━━━ RECORD EXCERPTS

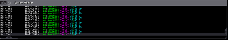 - To see the incoming MIDI messages of the external MIDI device on the console, open the System Monitor window and press different hardkeys (for example the keys) on the external MIDI device. The MIDI messages are listed in the System Monitor as shown in the image below:
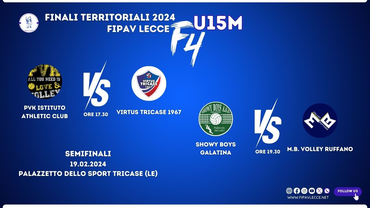 Si giocherà a Tricase la Final4 territoriale FIPAV Lecce U15 maschile con in palio il titolo di campioni territoriali e due pass per la fase regionale per le due finaliste. Ad accedere alla Final4, grazia alla vittoria nei Quarti di Finale, Carmiano, Tricase, Galatina e Ruffano. Sarà possibile seguire la giornata di finali sulla pagina facebook del CT FIPAV Lecce.
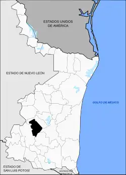 Elle est limitrophe au nord-ouest et au nord-est de la municipalité de Güémez, à l'ouest de celle de Jaumave, et au sud-est de celles de Llera et de Casas[4].
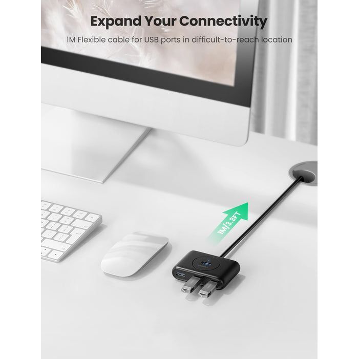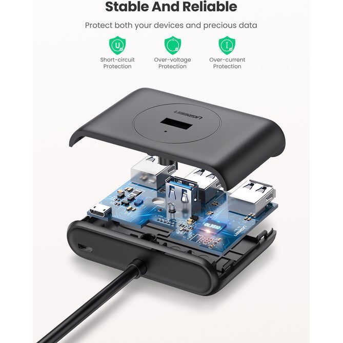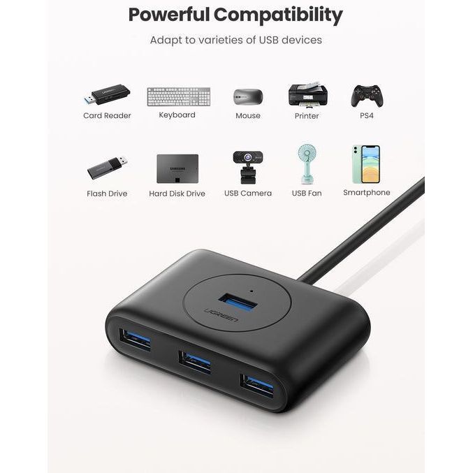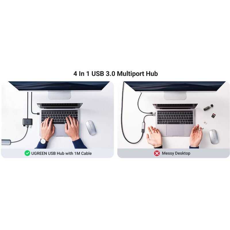 UGreen 4-In-1 USB 3.0 A Data Hub 1M Cable - Black
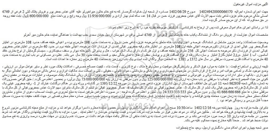 جهت اجرای شماره اجرائیه 140249420000066570 مورخ 1402/06/29 صادره از شعبه اول خانواده گرمسار که به نفع خانم خاتون میراخورلو علیه آقای عباس جعفر پور و فروش پلاک ثبتی 2 فرعی از 4749 اصلی ملکی مرحوم خانم عزیزه شاهی بابت سهم الارث آقای عباس جعفرپور فرزند حسن در قبال 14 عدد سکه تمام بهار آزادی و 11/956/000/000 ریال وجه رایج و پرداخت مبلغ 1/600/000/000ریال بابت نفقه روجه در حق محکوم له که از این مرجع صادر گردیده است.
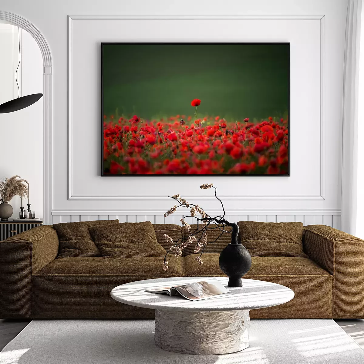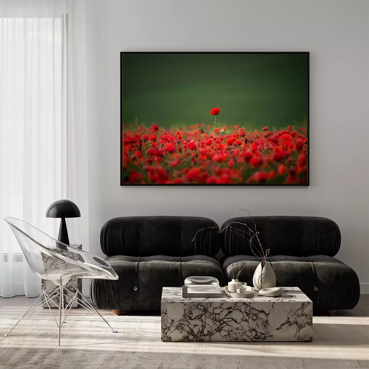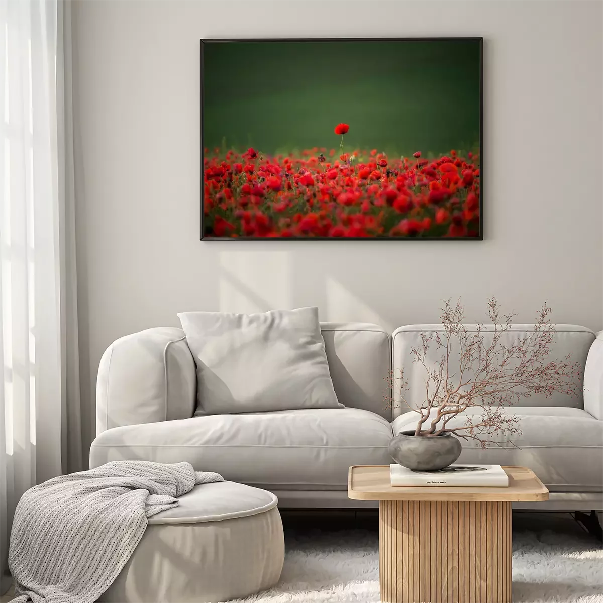 Poster: Rode papavers die een groene weide bedekken

━━━━━━

--- EXERCISE DETAILS ---
Give back, word for word, the lines from the line that contains "Elle est limitrophe" through the last line of the records, with no pictures and nothing else.

--- RESPONSE TO THE EXERCISE ---
 Elle est limitrophe au nord-ouest et au nord-est de la municipalité de Güémez, à l'ouest de celle de Jaumave, et au sud-est de celles de Llera et de Casas[4].
 UGreen 4-In-1 USB 3.0 A Data Hub 1M Cable - Black
 جهت اجرای شماره اجرائیه 140249420000066570 مورخ 1402/06/29 صادره از شعبه اول خانواده گرمسار که به نفع خانم خاتون میراخورلو علیه آقای عباس جعفر پور و فروش پلاک ثبتی 2 فرعی از 4749 اصلی ملکی مرحوم خانم عزیزه شاهی بابت سهم الارث آقای عباس جعفرپور فرزند حسن در قبال 14 عدد سکه تمام بهار آزادی و 11/956/000/000 ریال وجه رایج و پرداخت مبلغ 1/600/000/000ریال بابت نفقه روجه در حق محکوم له که از این مرجع صادر گردیده است.
 Poster: Rode papavers die een groene weide bedekken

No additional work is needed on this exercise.